Прежде самой раскопки надо съездить на разведки, удостовериться в действительном присутствии памятника. Не полагаясь на сведения разных статистик, перекочевываете вы от деревни до деревни на „обывательских“ конях, с лыком подвязанными хомутами и шлеями. Всматриваетесь буквально во всякий камешек; исследуете подозрительные бугорочки, забираетесь в убогие архивы сельских церквей; подчас, ко всеобщему удовольствию, делаетесь жертвой какой-нибудь невинной мистификации.
Местами вас встречают подозрительно:
— Никаких, ваше высокоблагородие, исстари древних вещей в нашей окрестности не предвидится. Все бы оно оказывало.
— Сами посудите, барин, откуда мужику древние вещи взять? Ни о каких древних вещах здеся и не слыхано.

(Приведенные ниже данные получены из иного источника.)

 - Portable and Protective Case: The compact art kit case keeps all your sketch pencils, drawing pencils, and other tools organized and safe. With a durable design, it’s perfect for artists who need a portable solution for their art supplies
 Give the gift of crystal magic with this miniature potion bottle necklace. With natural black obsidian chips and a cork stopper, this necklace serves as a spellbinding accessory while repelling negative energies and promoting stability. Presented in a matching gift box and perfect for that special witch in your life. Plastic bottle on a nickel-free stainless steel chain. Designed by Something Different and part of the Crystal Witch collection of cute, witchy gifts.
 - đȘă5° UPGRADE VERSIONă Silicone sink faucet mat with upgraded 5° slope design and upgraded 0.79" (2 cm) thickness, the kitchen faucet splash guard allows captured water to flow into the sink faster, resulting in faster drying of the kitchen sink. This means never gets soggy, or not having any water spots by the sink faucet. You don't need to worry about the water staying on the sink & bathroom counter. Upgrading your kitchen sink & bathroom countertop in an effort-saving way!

Ежели же вы пришлись по нраву, оказались „барином добрым“, „душою-человеком“, то вам нечего будет принуждать к откровенности собеседников. Вечером, сидя на завалинке, наслушаетесь вы любопытнейших соображений, наблюдений естественнонаучных, поверий, наивных предположений. Сперва из осторожности прибавят: „так, зря болтают“, или „бабы брешут“, а потом, видя ваше серьезное отношение, потечет свободный рассказ о старине, о кладах, о лихих людях — разбойниках.
Но не дай бог попасть в руки книжного волостного писаря или словоохотливого попа: каждое дельное сведение придется покупать ценою выслушивания бесконечных замысловатых повествований:
— По одну сторону речки-то полегло славянство — гвардия, народ рослый, а по другую-то — мордва и черемисы. Черепа недавно еще находили. А вот в Лохове не так давно были ступени плитные древнейшего храма языческого, а поблизости нашли сруб, из него разные предметы добывали. В настоящее время ступени выломаны на плиту, а сруб завалили камнями — известно: дурак — народ!

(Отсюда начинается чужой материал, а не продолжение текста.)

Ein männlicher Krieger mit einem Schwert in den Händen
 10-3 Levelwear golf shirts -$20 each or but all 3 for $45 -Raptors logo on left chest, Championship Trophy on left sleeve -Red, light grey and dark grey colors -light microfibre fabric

— Степи! Степи! — восклицает другой. — Знаете ли вы, господа археологи, откуда степи взялись? Неужто так и сотворил господь бог плешину на лоне земном? Изволите видеть этот пол? Вот окурок, вот крошки, вот лепешка из-под каблука, и везде пыль. Беру я теперь эту метлу и провожу по полу — ни окурков, ни грязи не бывало. Провожу еще раз — крошки исчезли. Махнем в третий — и пыли не видно, разве где по щелкам забралась — по овражкам кустики. Идут это по земле гуннские народы; идут еще… готы, вандальцы! Невесть кто идет: и печенеги, и половцы, и татары; чище всякой метлы и щетки ополируют, выскребут на удивленье — пылинки в щелке не оставят, кустика не увидишь! И кого только не носила мать сыра-земля…
Повыудив что можно дельного изо всех подобных рассказов, вы приступаете к самой работе».

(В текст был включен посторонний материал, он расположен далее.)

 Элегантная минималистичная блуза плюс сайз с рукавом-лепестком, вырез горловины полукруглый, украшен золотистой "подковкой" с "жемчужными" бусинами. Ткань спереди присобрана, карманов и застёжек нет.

В живописи Рерих идет к лаконизму, к обобщениям; в очерках своих он подробен и наблюдателен, как добротный художник-передвижник:
«Грудой почерневшего леса и побурелой соломы раскинулась невеликая деревенька. Часа четыре утра. Петухи перекликаются. Пастух затрубил — выгоняют скотину. В сенях, слышно, вздувают самовар; кто-то пробежал босыми ногами. Староста — у него вы остановились — будит вас. Стекла запотели — свежо на дворе. Зубы самовольно выстукивают что-то воинственное. Вы вздрагиваете, умываясь холодной водой. Народ уже собрался. Ломы, кирки, лопаты, топоры — необходимые раскопочные снаряды — все в исправности. Потянулась шумная гурьба к курганам, что раскинулись невдали от жилья. Небо без облачка. Из-за леса сверкает солнышко. Приятно бодрит студеный утренник».
Так же точно описаны приготовления к раскопкам; бабы, мужики, дети, окружившие работающих, их простодушные разговоры и свои ощущения:
«— Слышь ты, тут шведское кладбище!.. В Красной одного сидячего нашли; рядом ложка чугунная положена и ножик. В головах-то горшок…
— Только поужинать собрался, а тут его и накрыли…
Колеблется седой вековой туман, с каждым взмахом лопаты, с каждым ударом лома раскрывается перед вами заманчиво тридесятое царство…»
Это — из очерка Рериха «На кургане», написанного еще в 1898 году.
За ним следуют очерки-отчеты об археологических работах: «Некоторые древности Шелонской пятины и Бежецкого конца» (1899), «Некоторые древности пятин Деревской и Бежецкой» (1903), «Каменный век на озере Пирос» (1905). Они снабжены отличными фотографиями или рисунками автора. В них деловито сообщается: «Опрошено 92 селения, исследован 51 курган». В них пунктуально описываются черепки с ямочным орнаментом, кремневые наконечники, бусины, янтарные изделия. Здесь же — простодушные рассказы сельского попа о побоище между славянами и мордвой на речке Березовке и о том, как некий древний князь спалил в неистовстве свой город, узнав о смерти красавицы-дочери. Здесь же — сравнение, характерное для годов, когда Лев Толстой писал отчаянные воззвания, открывал столовые для голодающих крестьян: «Когда нашли пряжку, народ хлынул в яму, как в голодный год за хлебом…»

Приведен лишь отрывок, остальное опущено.